Stored dataset items:
□ □ □ □ □ □ □

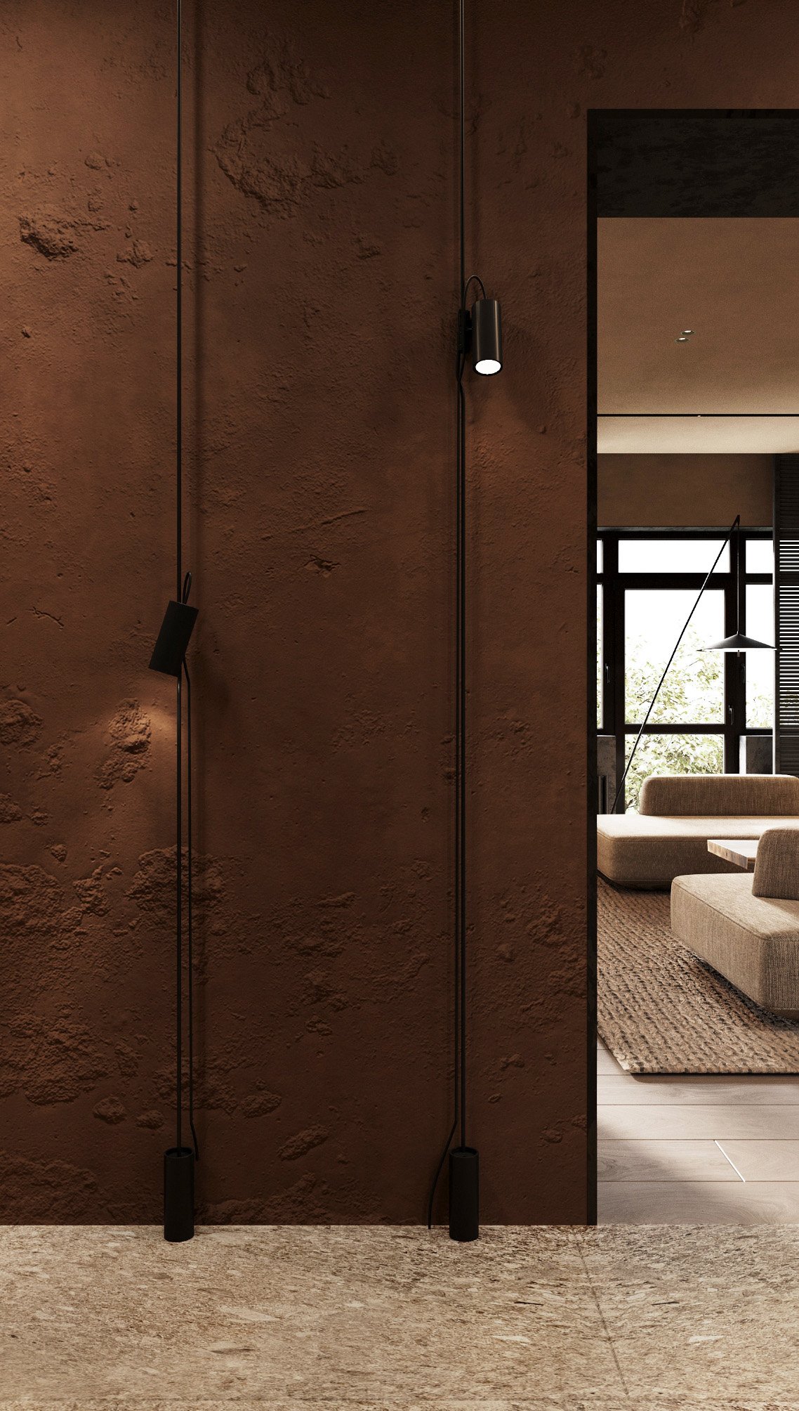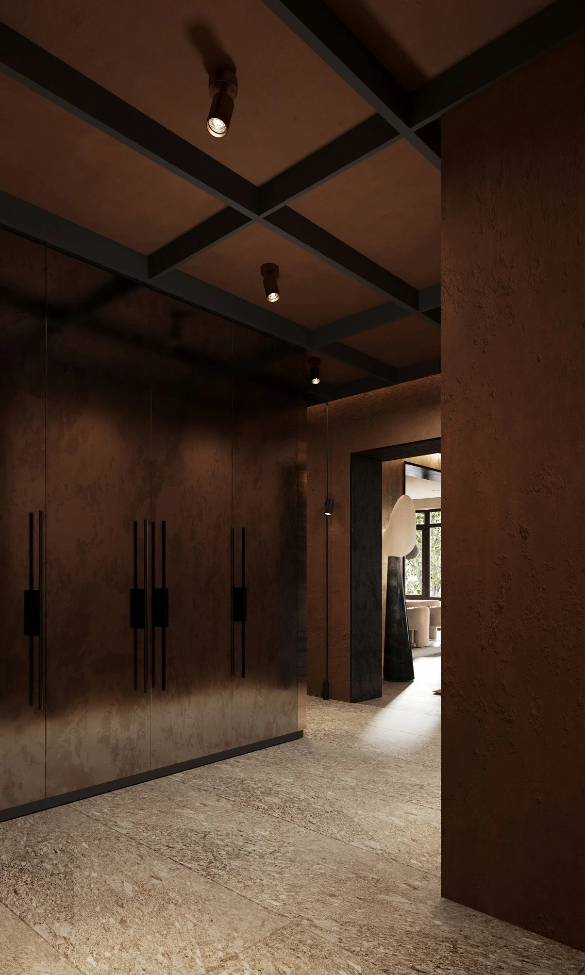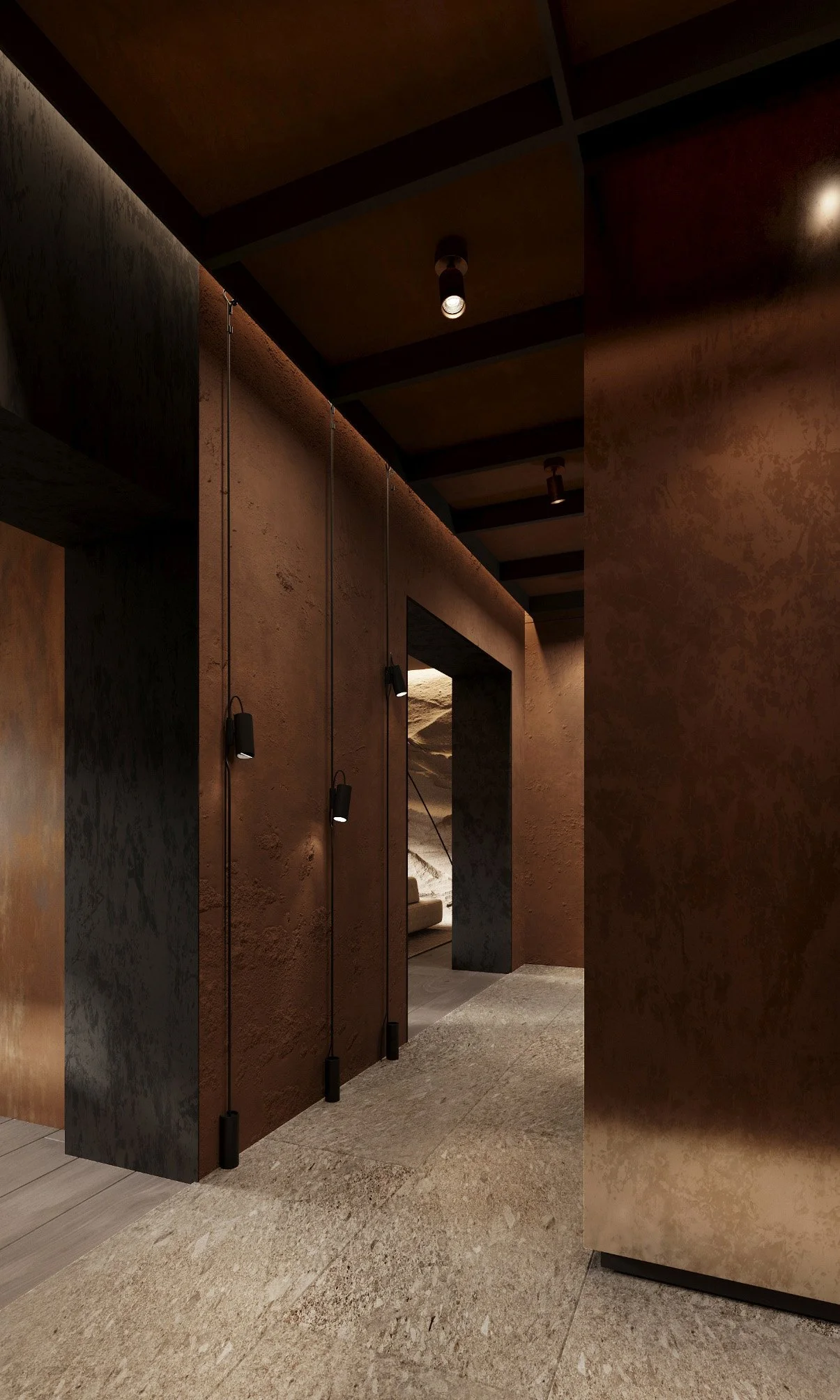 The corridor is a monumental yet accentuated space, highlighted by earth-textured plaster, cabinets with metallic plaster fronts, black lighting fixtures, and stone-effect tiles.
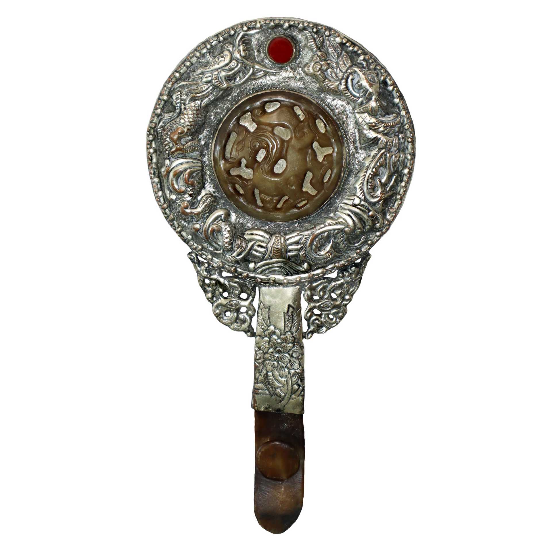 Specchio con giada nefrite intarsiata , risalente alla dinastia Qing, 19° secolo
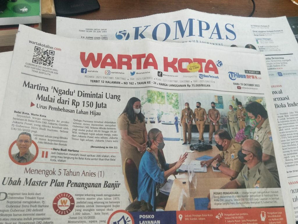 Koran WARTA KOTA, misalnya menampilkan foto layanan warga di Balaikota yang populer di zaman Ahok BTP dan dibuka lagi. Sejak Anies Baswedan berkuasa diibukota, layanan itu ditiadakan.
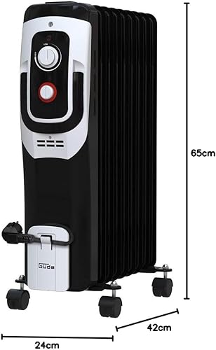 Güde Radiatore ad olio OR 2000-9 (220-240 V, 2000 W, 3 livelli di riscaldamento (800/1200/2000 W), 9 nervature, termostato continuo, protezione contro il ribaltamento e il surriscaldamento, ruote per
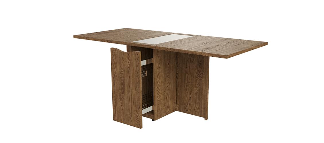 SM 101 er et multifunksjonelt spisebord som tydelig viser Skovbys filosofi om funksjonell design. Bordet har to oppfellbare klaffer – når begge er løftet opp, kan bordet romme fra tre til seks personer.
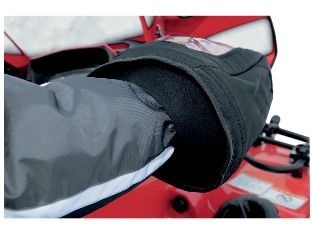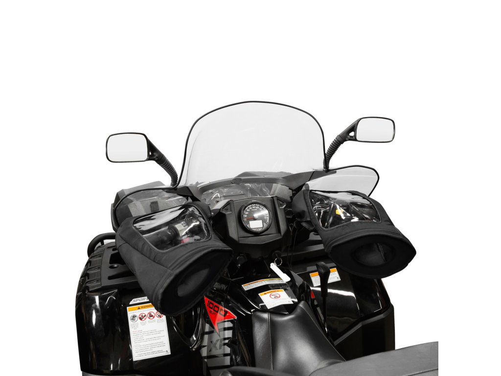 Rukávníky Kimpex Visi-Control, udržují ruce v teple a přitom ponechávají všechny ovládací prvky dobře viditelné, mrazuodolná plastová okénka, izolační neoprenová vrstva, vyrobeno z 600-denier nylonu a polyesteru s polyuretanovým zátěrem, vodotěsné

□ □ □ □ □ □ □

What to produce:
Return the records above in their entirety, word for word, with the pictures removed.

The completed task:
 The corridor is a monumental yet accentuated space, highlighted by earth-textured plaster, cabinets with metallic plaster fronts, black lighting fixtures, and stone-effect tiles.
 Specchio con giada nefrite intarsiata , risalente alla dinastia Qing, 19° secolo
 Koran WARTA KOTA, misalnya menampilkan foto layanan warga di Balaikota yang populer di zaman Ahok BTP dan dibuka lagi. Sejak Anies Baswedan berkuasa diibukota, layanan itu ditiadakan.
 Güde Radiatore ad olio OR 2000-9 (220-240 V, 2000 W, 3 livelli di riscaldamento (800/1200/2000 W), 9 nervature, termostato continuo, protezione contro il ribaltamento e il surriscaldamento, ruote per
 SM 101 er et multifunksjonelt spisebord som tydelig viser Skovbys filosofi om funksjonell design. Bordet har to oppfellbare klaffer – når begge er løftet opp, kan bordet romme fra tre til seks personer.
 Rukávníky Kimpex Visi-Control, udržují ruce v teple a přitom ponechávají všechny ovládací prvky dobře viditelné, mrazuodolná plastová okénka, izolační neoprenová vrstva, vyrobeno z 600-denier nylonu a polyesteru s polyuretanovým zátěrem, vodotěsné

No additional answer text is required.